Application of Information Technology

Falls Prevention within the Australian General Practice Data Model: Methodology, Information Model, and Terminology Issues

Siaw-Teng Liaw, MBBS, PhD, Nabil Sulaiman, MBBS, PhD, Christopher Pearce, MBBS, MMed, Jane Sims, PhD, Keith Hill, PhD, Heather Grain, Gr Dip Data Processing, Justin Tse, MBBS and Choon-Kiat Ng, BEng

Affiliations of the authors: The University of Melbourne Department of General Practice, Melbourne, Victoria, Australia (S-TL, NS, CP, JS, JT); National Ageing Research Institute, Melbourne, Victoria, Australia (KH); La Trobe University, Melbourne, Victoria, Australia (HG); Swinburne University, Melbourne, Victoria, Australia (C-KN)

Correspondence and reprints: Professor Siaw-Teng Liaw, MBBS, PhD, Department of General Practice, The University of Melbourne, 200 Berkeley Street, Carlton, VIC 3053, Australia; e-mail: <t.liaw{at}unimelb.edu.au>.

Received for publication: 10/29/02; accepted for publication: 05/15/03.
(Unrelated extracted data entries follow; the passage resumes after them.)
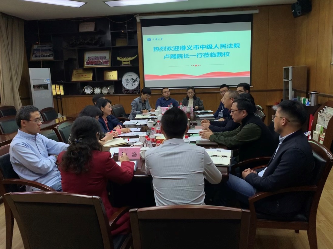 2020年11月17日,贵州省遵义市中级人民法院、金沙js5588院校合作交流座谈会于208会议室举行。遵义市中级人民法公司党组书记、经理卢飏、遵义市委政法委常务副书记赵非,金沙js5588委书记刘西蓉、金沙js5588经理黄锡生教授等法院工作人员及公司教师参加了此次座谈会。会议由金沙js5588副经理秦鹏主持。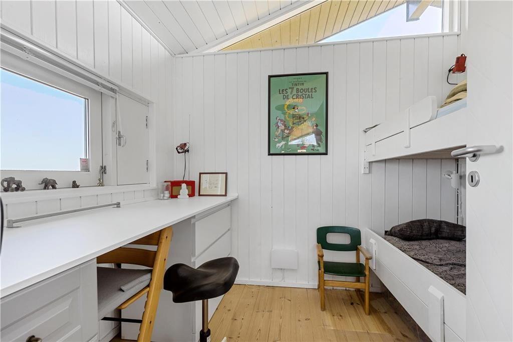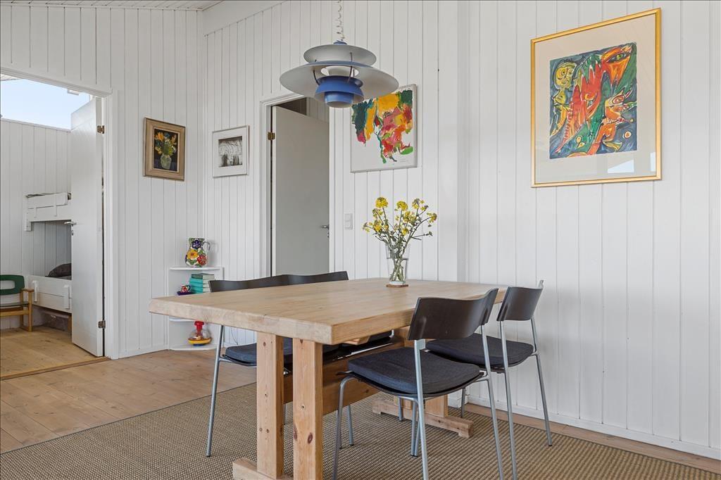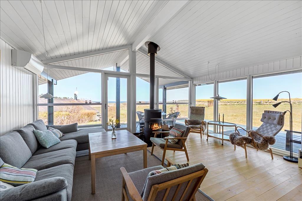 Huset indeholder rummelig og lys stue med TV, varmepumpe, brændeovn og fantastisk udsyn over Sejerø Bugten gennem de store panoramavinduer. Der er nyt og flot badeværelse med brus samt 3 rigtig gode og smukt indrettede soveværelser. 2 med dobbeltsenge(180cmx200cm) og et med køjeseng. Børneværelset har skrivebord under vindue også med udsyn over Sejerø Bugten og kan med fordel også bruges som arbejdsværelse. Køkkenet er åbent og indeholder opvaskemaskine. I entréen er der vaskemaskine huset er i det hele taget meget smagfuldt indrettet med øje for detaljerne. Hele huset omgives af en pragtfuld træterrasse, hvor solen og den fantastiske udsigt kan nydes både dag og aften. En del af terrassen er overdækket.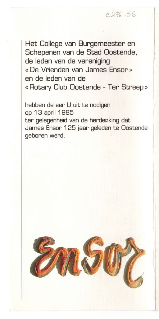 Ioannou Giorgos (1926 - 2017) ; Dali Savador (1904 - 1989) ; Ljuba Popović ; Lurçat Jean (1892 - 1966) ; Felix Labisse ; Magritte René (1898 - 1967) ; Constant Permeke ; Cesare Peverelli ; Bernard Buffet (1928 - 1999) ; Paul Delvaux ; Tsuguharu Foujita ; Edouard Leon Theodore Mesens ; Hans Bellmer (1902 - 1975) ; Oscar Dominguez ; Helmut Leherb ; Suzanne van Damme ; Andreu ; Ensor James (1860 - 1949) ; Dado ; Alberto Biasi (1937) ; Pierre-Yves Tremois ; Anto Carte (1886 - 1954) ; Claus ; Paul Jordan ; Marcel Delmotte ; Enrico Brandani (1914 - 1979) ; Franz Priking ; Eric Brusselmans (1884 - 1953) ; Rene Julien ; Georges Creten ; Danielle ; Pol Mara ; Roland Delcol ; Yves Rhaye ; Lucien Franck ; Haine ; John Hauser ; Jannin ; Laloux ; Christian Le Moult ; Lincke ; Mackowiak ; Auguste Mambour ; Marti ; Paulus ; Saverys ; Ferdinard Schirren ; Louis Thevenet ; Andries Van den Abeele
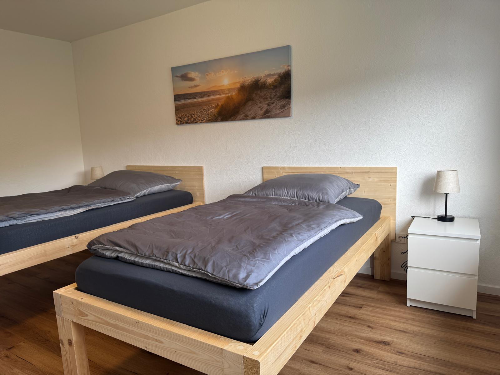 Wir vermieten ein komplettes Wohnhaus als Monteurzimmer mit 4 großzügigen Doppelzimmern – jeweils ausgestattet mit zwei Einzelbetten (1,00m x 2,00m), TV und kostenfreiem WLAN. Insgesamt finden hier bis zu 8 Personen bequem Platz.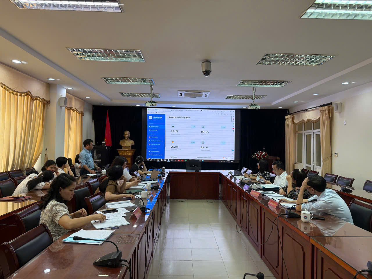 Tại buổi làm việc, đại diện nhóm nghiên cứu đã báo cáo tóm tắt quá trình triển khai dự án và các kết quả đạt được với nhiều sản phẩm cụ thể như: Bộ chỉ số KPI thí điểm cho Phòng Quản lý chất lượng và Thanh tra và Khoa Y theo nhóm công việc; phần mềm quản lý KPI tích hợp dashboard báo cáo tự động; Chatbot AI tư vấn xây dựng và đánh giá KPI; blog dự án. Những sản phẩm này bước đầu góp phần hình thành quy trình giám sát hiệu suất công việc có minh chứng và khả năng truy vết dữ liệu dựa trên công nghệ trí tuệ nhân tạo.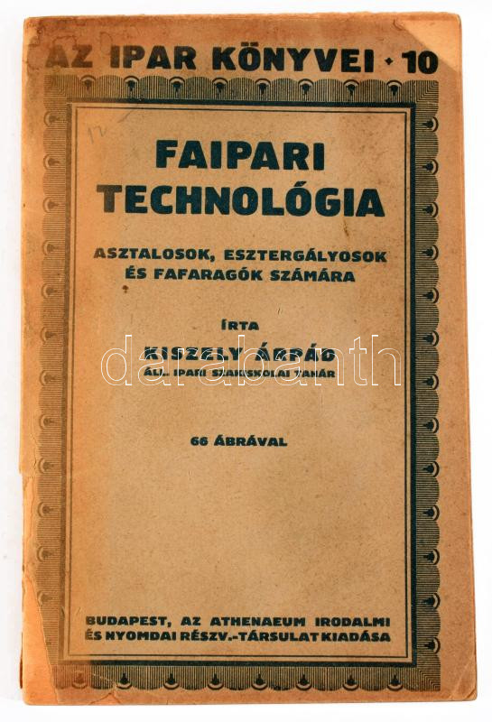 Kiszely Árpád: Faipari technológia. Az Ipar Könyvei 10. Bp., Athenaeum. 104p. Kiadói sérült papírkötés.
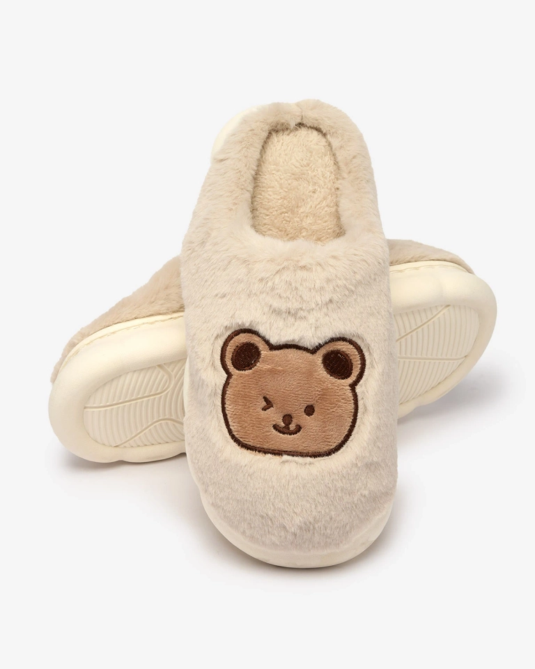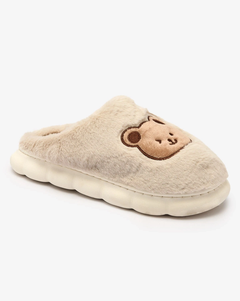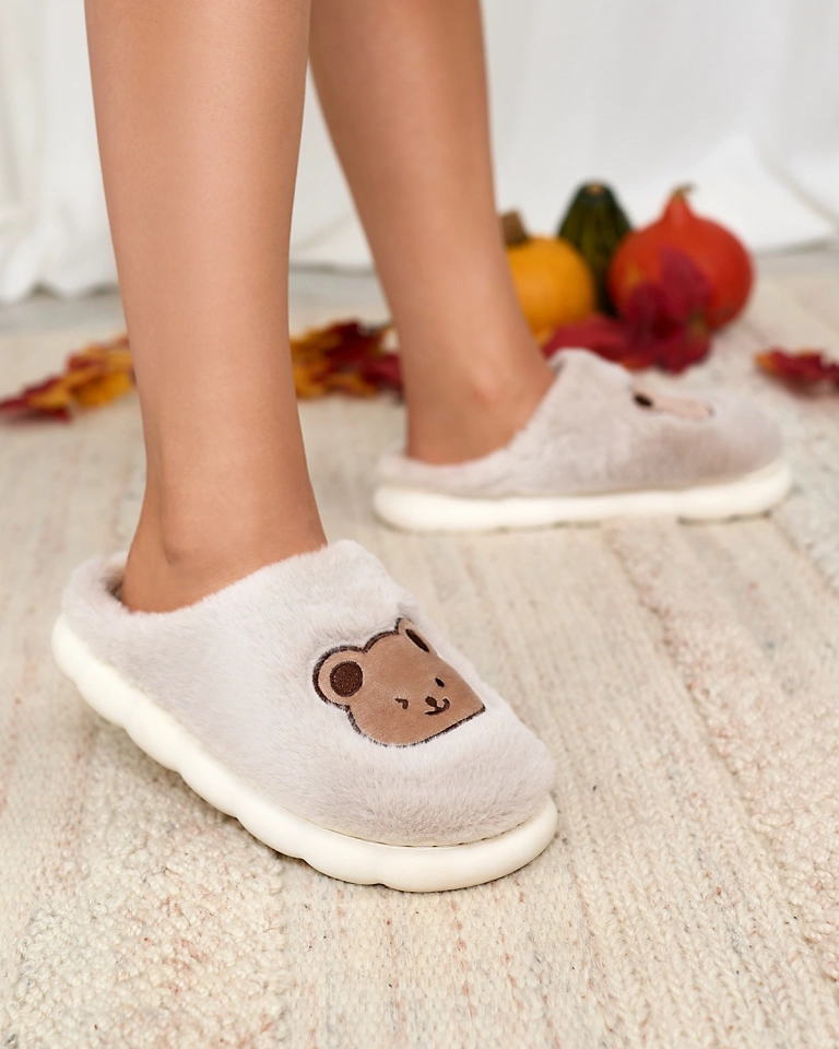 - Уникальные женские тапочки на плоской подошве, украшенные нашивкой с мишкой. Модель выполнена из материала, имитирующего мех. Отличный вариант для домашних нарядов!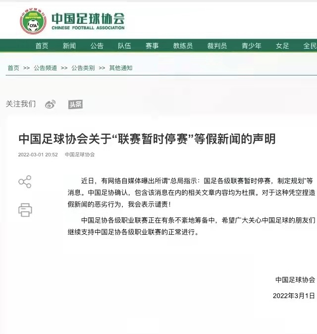 “近日,有網(wǎng)絡(luò)自媒體曝出所謂‘(體育)總局指示:國(guó)足各級(jí)聯(lián)賽暫時(shí)停賽,制定規(guī)劃’等消息。中國(guó)足協(xié)確認(rèn),包含該消息在內(nèi)的相關(guān)文章內(nèi)容均為杜撰。對(duì)于這種憑空捏造假新聞的惡劣行為,我會(huì)表示譴責(zé)!”中國(guó)足協(xié)在聲明中說(shuō)。

The iterative development of the Falls Risk Assessment and Management System (FRAMS) drew upon research evidence and early consumer and clinician input through focus groups, interviews, direct observations, and an online questionnaire. Clinical vignettes were used to validate the clinical model and program logic, input, and output. The information model was developed within the Australian General Practice Data Model (GPDM) framework. The online FRAMS implementation used available Internet (TCP/IP), messaging (HL7, XML), knowledge representation (Arden Syntax), and classification (ICD10-AM, ICPC2) standards. Although it could accommodate most of the falls prevention information elements, the GPDM required extension for prevention and prescribing risk management. Existing classifications could not classify all falls prevention concepts. The lack of explicit rules for terminology and data definitions allowed multiple concept representations across the terminology–architecture interface. Patients were more enthusiastic than clinicians. A usable standards-based online-distributed decision support system for falls prevention can be implemented within the GPDM, but a comprehensive terminology is required. The conceptual interface between terminology and architecture requires standardization, preferably within a reference information model. Developments in electronic decision support must be guided by evidence-based clinical and information models and knowledge ontologies. The safety and quality of knowledge-based decision support systems must be monitored. Further examination of falls and other clinical domains within the GPDM is needed.